# Over abundance of potatoes.....Made pierogi



## larry_stewart (Jul 29, 2009)

In a rare occurrence this year, I actually had a above average potato crop.  My assistant is from Poland, so I was inspired to make pierogi (as she had brought me back a cook book from Poland when she had visited a few years ago).  I decided to get the recipe from her mom, as opposed to getting it from the book, since her mom lived in Poland most of her life.

The dough was:
2 1/2 - 3 cups of flour
2 Tbs of sour cream
1/2 cup water 
1 egg
1 tsp of salt

Filling:
4 or 5 medium potatoes
1 onion
2 tbs butter 
1/2 cup grated cheddar cheese
salt and pepper to taste

Dough:  Mix all ingredients and let sit in refrigerator for 1/2 hour +

Filling:  Peel and cut potatoes into cubes.  Boil in salted water until soft. Meanwhile, cut onions into small pieces and  fry in butter until translucent.  Drain potatoes when soft, add them to onions ( take off heat).  Mash up the potatoes until mashed but not %100 smooth ( a little lumpy).  Mix in the 1/2 cup grated cheddar cheese until fully melted into the potatoes.  Salt and pepper to taste.

I used a pasta maker ( up to the #4 thickness).  Used a pierogi maker to cur out the dough circles, stuff with about 1 tbs of potato mixture, wet the edges with water so they would stick together, then squished the pierogi maker closed.

Froze them at this point on a floured pan until hard, then stored in plastic bag.

Boiled them for about 5 minutes, served with sour cream and mustard on the side ( ok, im from new york,  treated them as if they were a knish)

My wife prefers them baked ( i think at 350F for about 10 minutes , sprayed with pam)

** I found the dough to be too sticky for the pasta machine, so i added a little more flour as needed.  I guess it also depends on the size of the egg as well.

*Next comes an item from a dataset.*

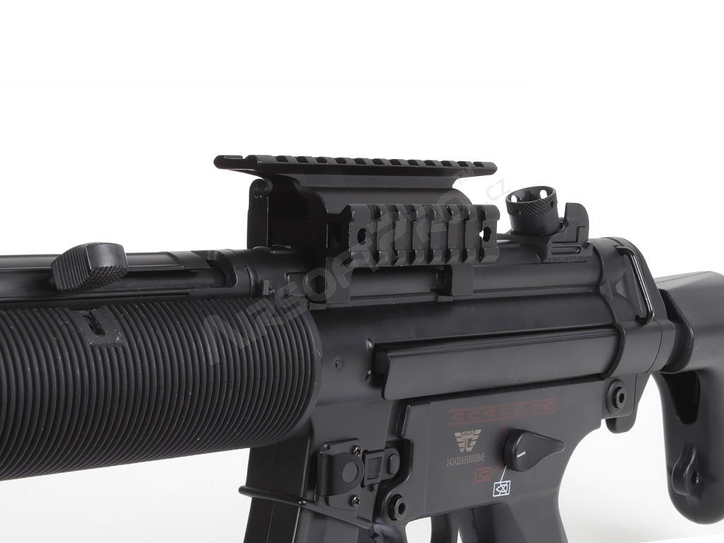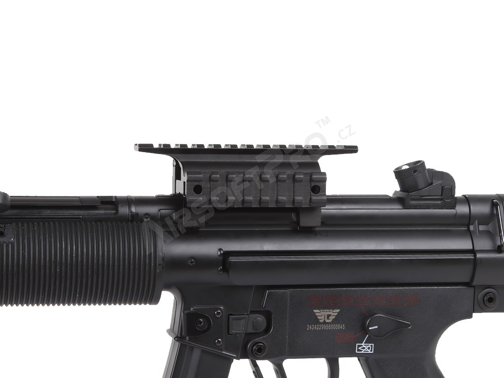 Celokovová vysoká montáž pro zbraně MP5 s dvěmi RIS lištami.

** Messy, messy, messy.  Flour all over the place.  Potato all over the place.. I told my wife that i was just about to clean it up, but i know that she would do a much better job, and that this was her chance to take over before i made an even worse mess, so yes, she came to the rescue.

made about 24 pierogi.


----------



## SnickersMom (Jul 29, 2009)

Looks like an amazing recipe.  Copied it into my file to make in the near future.  Thanks.


----------